Now we get a re-hash of that claim, along with some other tired canards, from an op-ed in the WSJ. There’s no shortage of people calling them out on it.

The latest I’ve read is at Bad Astronomy, where Phil has included a graph of temperatures over the last ~40 years. It’s a noisy graph. So noisy that (as with the George Will article) if you took any 10- or 15-year period, you could conceivably draw a straight line through it and consider it a possibility. But when you look at a longer data set, the rise is unmistakeable. Incontrovertible, one might say.

However, I must repeat my prior analysis: a slope larger than the best fit is equally plausible as a straight line through any short data set. Which is why saying that there is no statistically-significant evidence of warming — zero increase isn’t statistically excluded — is a very different statement from saying that there has been no warming. That latter statement implies that you can statistically exclude an increase, which is a ludicrous claim.

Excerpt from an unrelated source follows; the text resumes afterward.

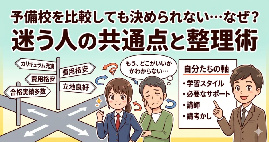 「費用・指導の質・管理の密度・通いやすさ・合格実績」のすべてで最高点を取る予備校は存在しません。「最も重要な条件で高いスコアを持つ予備校」を選ぶことが、完璧な予備校を探すことよりも現実的かつ効果的な意思決定です。

Phil goes on to mention another turd of an article that came out recently. In it they make some dubious claims, including a no-recent-warming assertion similar to the WSJ, and conclude that the climate models must be wrong. Anyway, the Bad Astronomy post has lots of links if you are interested in the followup to all this.

The Best Defense is a Good Offense

The Great Global Warming Fizzle

As with religion, its claims are often non-falsifiable, hence the convenience of the term “climate change” when thermometers don’t oblige the expected trend lines. As with religion, it is harsh toward skeptics, heretics and other “deniers.” And as with religion, it is susceptible to the earthly temptations of money, power, politics, arrogance and deceit.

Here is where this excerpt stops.